═══ The data ═══

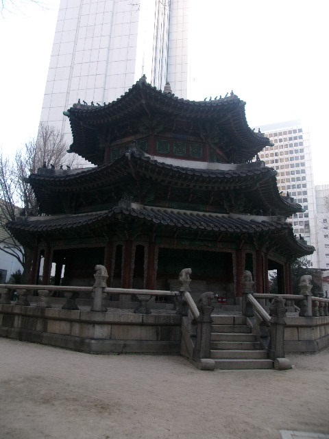 写真でもお馴染みの八角形三層構造の名建造物で、市街地の中心部にありますので、適当に歩いていたら見えるのかなと思って特に考えずにこの付近へと足を運びましたが、ここはちょっと高台の上にあって、意外と直前までこの建物を拝むことができませんでした。私は北西側から階段を登ってアクセスしましたが、どちらかと言えば、南のウェスティン朝鮮ホテル側から登った方が道が判り易いかなという印象を受けました。
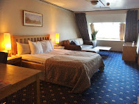 När vi klev på Viking Cinderella vid 17-tiden visste vi bara att vi skulle bo i en lite större hytt, äta a la carte till middag och buffé till lunch dagen efter. Precis som på de andra kryssningarna. Vi gick på, hittade vår hytt och låste upp… sen tappade vi hakorna och tvärstannade på tröskeln. Hytten, eller rättare sagt rummet som är en mer rättvis benämning, var nästan lika stort som sonens lägenhet! 29 kvm, längst fram i mitten på fören och med ett stort badrum med golvvärme. Kanonfint helt enkelt!
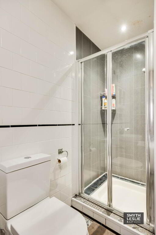 (10`11` x 5`6` & 4`6` x 2`11`) Contemporary white suite, feature bath, hand held shower tap to bath, step in shower cubicle with electric shower, fully tiled inc decorative tiled floor & feature wall
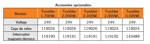 • Potencia: 1700, 2000, 2300, 3000 y 3500W. Voltaje: 24V. • Molinete de maniobras. • Base y tambor de acero inoxidable AISI316. • Motor estanco IP67 (1700W) IP66 (2000-2300W) excepto 3000 y 3500W. • Equipamiento de serie: Incluye caja de relés, interruptor de subida/bajada y maneta de plástico. • Reductor de aluminio anodizado. • El modelo de 3.500W. permite instalar el tambor de 250mm. ó 300mm.

═══

Assignment ::
Reproduce exactly the lines from the one with "floor & feature wall" to the bottom of the listing, both ends included, and nothing else. Skip the pictures.

Solution to the problem ::
 (10`11` x 5`6` & 4`6` x 2`11`) Contemporary white suite, feature bath, hand held shower tap to bath, step in shower cubicle with electric shower, fully tiled inc decorative tiled floor & feature wall
 • Potencia: 1700, 2000, 2300, 3000 y 3500W. Voltaje: 24V. • Molinete de maniobras. • Base y tambor de acero inoxidable AISI316. • Motor estanco IP67 (1700W) IP66 (2000-2300W) excepto 3000 y 3500W. • Equipamiento de serie: Incluye caja de relés, interruptor de subida/bajada y maneta de plástico. • Reductor de aluminio anodizado. • El modelo de 3.500W. permite instalar el tambor de 250mm. ó 300mm.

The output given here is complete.